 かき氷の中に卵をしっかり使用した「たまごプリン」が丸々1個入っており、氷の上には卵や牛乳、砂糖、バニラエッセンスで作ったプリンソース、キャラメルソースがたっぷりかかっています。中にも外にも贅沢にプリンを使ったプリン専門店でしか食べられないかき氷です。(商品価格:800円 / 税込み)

◇ ◇ ◇ ◇ ◇ ◇ ◇

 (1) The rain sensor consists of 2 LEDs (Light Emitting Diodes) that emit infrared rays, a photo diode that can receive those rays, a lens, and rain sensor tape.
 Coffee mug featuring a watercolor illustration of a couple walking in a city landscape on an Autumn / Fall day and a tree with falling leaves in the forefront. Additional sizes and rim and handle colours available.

◇ ◇ ◇ ◇ ◇ ◇ ◇

TASK DIRECTIONS:
Give again, word for word, every line of the listing above from the one with "(1) The rain" to the one with "Coffee mug featuring", both inclusive, and nothing beyond them.

YOUR SOLUTION:
 (1) The rain sensor consists of 2 LEDs (Light Emitting Diodes) that emit infrared rays, a photo diode that can receive those rays, a lens, and rain sensor tape.
 Coffee mug featuring a watercolor illustration of a couple walking in a city landscape on an Autumn / Fall day and a tree with falling leaves in the forefront. Additional sizes and rim and handle colours available.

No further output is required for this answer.